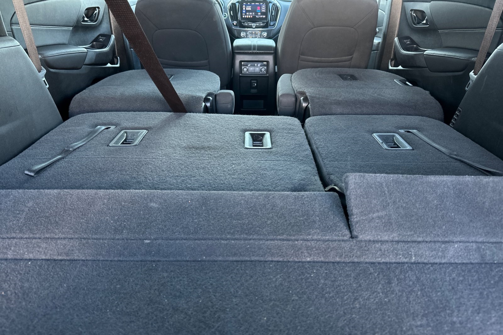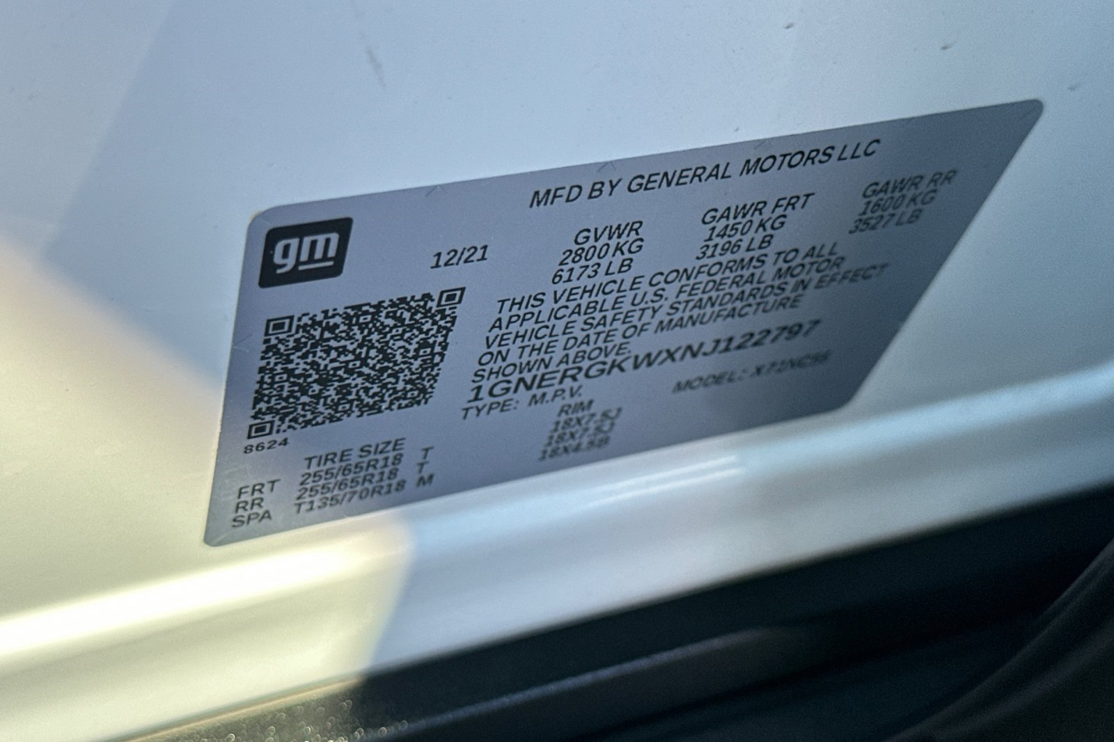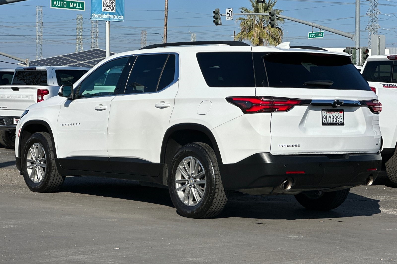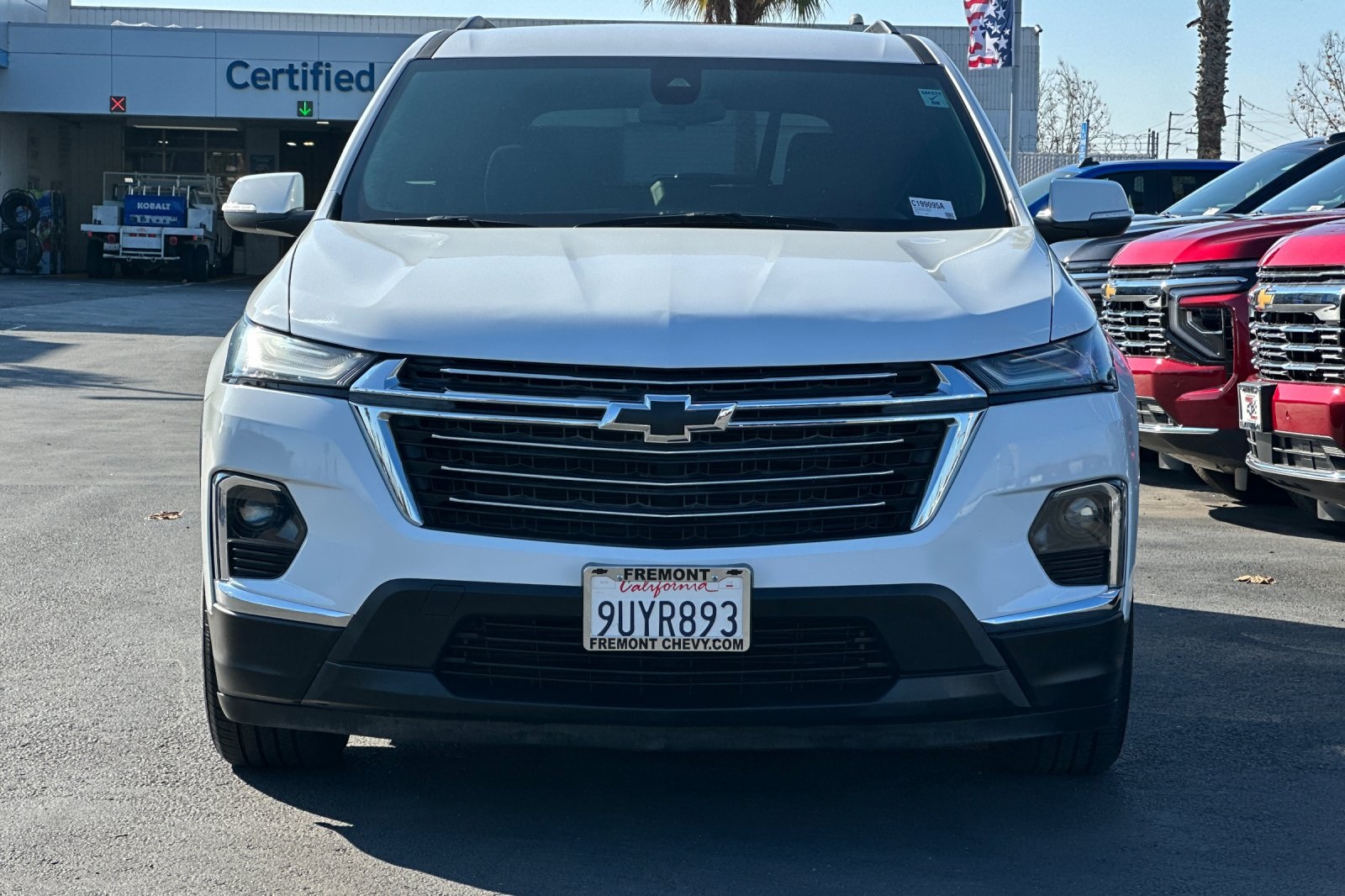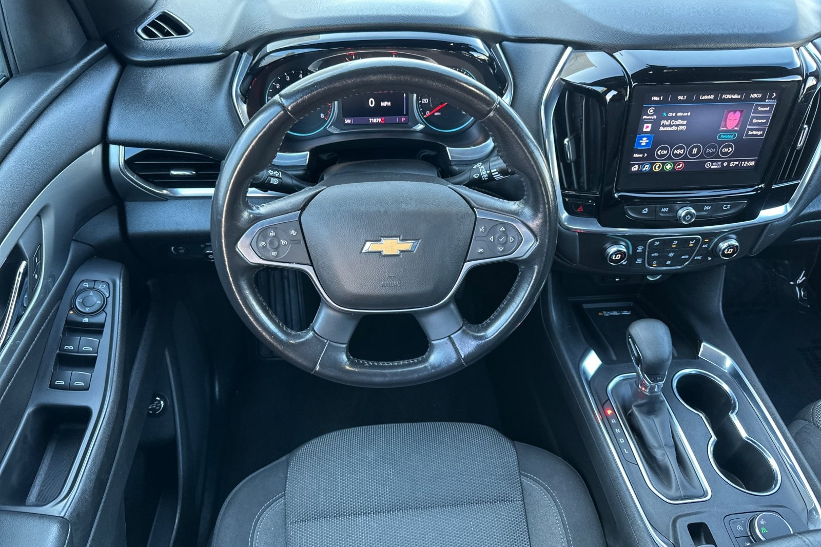 Clean CARFAX. Summit White 2022 Chevrolet Traverse LT 1LT FWD 9-Speed Automatic 3.6L V6 SIDI VVT NON-SMOKER, Backup Camera, Bluetooth, Alloy Wheels, Aluminum Wheels, Climate Package, Heat Package, Light Package, Remote Start, Traverse LT 1LT, 4D Sport Utility, 3.6L V6 SIDI VVT, 9-Speed Automatic, FWD, Summit White, Jet Black w/Premium Cloth Seat Trim, 2-Way Manual Front Passenger Seat Adjuster, 3.49 Axle Ratio, 3rd row seats: split-bench, 4-Wheel Disc Brakes, 4.2" Multi-Color Enhanced Driver Instrument Display, 6 Speakers, 6-Speaker Audio System Feature, 8-Way Power Driver Seat Adjuster, ABS brakes, Air Conditioning, Alloy wheels, AM/FM radio: SiriusXM, Apple CarPlay/Android Auto, Auto High-beam Headlights, Automatic temperature control, Black Roof Rails, Brake assist, Bumpers: body-color, Cargo Package (LPO), Compass, Convenience & Driver Confidence Package, Delay-off headlights, Driver door bin, Driver vanity mirror, Dual front impact airbags, Dual front side impact airbags, Electronic Stability Control, Emergency communication system: OnStar Guidance, Exterior Parking Camera Rear, Four wheel independent suspension, Front & Rear Black Bowtie Emblems (LPO), Front Bucket Seats, Front Center Armrest, Front dual zone A/C, Front License Plate Bracket Mounting Package, Front reading lights, Fully automatic headlights, Heated door mirrors, Heated Driver & Front Passenger Seats, Illuminated entry, Leather steering wheel, Low tire pressure warning, Not Equipped w/Dr & Fr Pass Heated or Ventilated Seats, Occupant sensing airbag, Outside temperature display, Overhead airbag, Overhead console, Panic alarm, Passenger door bin, Passenger vanity mirror, Power door mirrors, Power Driver Lumbar Control, Power driver seat, Power steering, Power windows, Preferred Equipment Group 1LT, Premium Cloth Seat Trim, Radio data system, Radio: Chevrolet Infotainment 3 Plus System, Radio: Chevrolet Infotainment System AM/FM Stereo, Rear air conditioning, Rear Park Assist w/Audible Warning, Rear Power Liftgate, Rear reading lights, Rear window defroster, Rear window wiper, Remote keyless entry, Remote Start, Retractable Cargo Shade, Roof rack: rails only, Security system, SiriusXM Radio, SiriusXM w/360L, Speed control, Speed-sensing steering, Spoiler, Steering wheel mounted audio controls, Tachometer, Telescoping steering wheel, Tilt steering wheel, Traction control, Trip computer, Turn signal indicator mirrors, Universal Home Remote, Variably intermittent wipers, Vertical Cargo Net (LPO), Voltmeter, Wheels: 18" Bright Silver-Painted Aluminum.
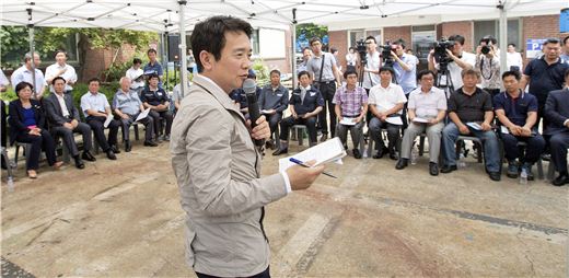남경필 경기도지사가 14일 시화도금단지를 방문, 기업체 대표 및 직원들과 간담회를 갖고 있다.
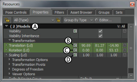 Properties window A. Two objects selected B. Translation of both objects keyed at the current time C. Rotation of one object keyed at the current time D. Neither object has a keyframe for scaling at the current time
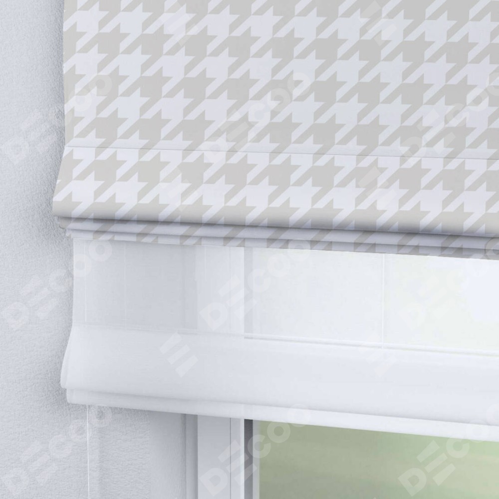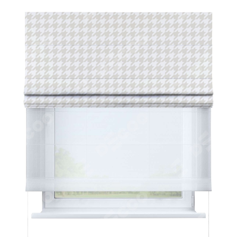 Двойная римская штора «День-ночь» от производителя Cortin предназначена для использования в проёмах. Эта штора уникальна тем, что состоит из двух полотен. На лицевой стороне находится блэкаут с нанесением сублимационной печати «Гусиные лапки» молочный», обеспечивающий эффективное затемнение. В комплект также входит вторая ткань — легкий белый тюль (артикул: V-01), который добавляет изящества и легкости оформлению окна. Кроме того, доступны и другие разновидности ткани тюль, выбор которых доступен по  ссылке .
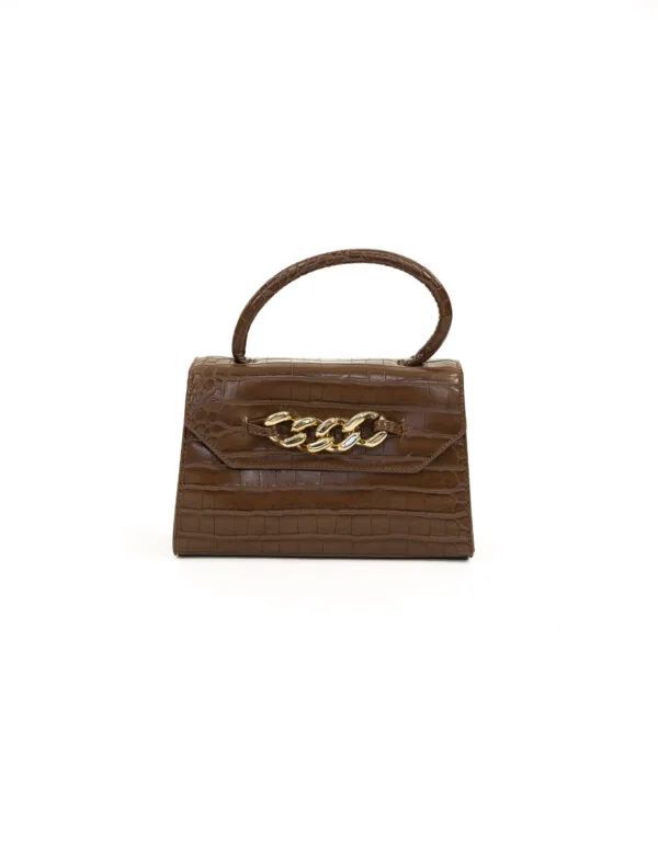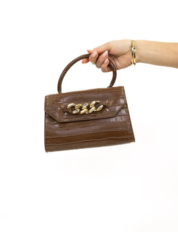 De tas heeft een slangen/croco print en is afgewerkt met een gouden ketting aan de tas. De tas heeft van binnen 1 vak en is zowel als handtas en als cross body te dragen.

**********

■ What you are asked to do:
Word for word, restate the lines above from the one with "남경필 경기도지사가 14일" through the one with "Properties window A.", keeping both ends and dropping the pictures.

■ Solution to this task:
남경필 경기도지사가 14일 시화도금단지를 방문, 기업체 대표 및 직원들과 간담회를 갖고 있다.
 Properties window A. Two objects selected B. Translation of both objects keyed at the current time C. Rotation of one object keyed at the current time D. Neither object has a keyframe for scaling at the current time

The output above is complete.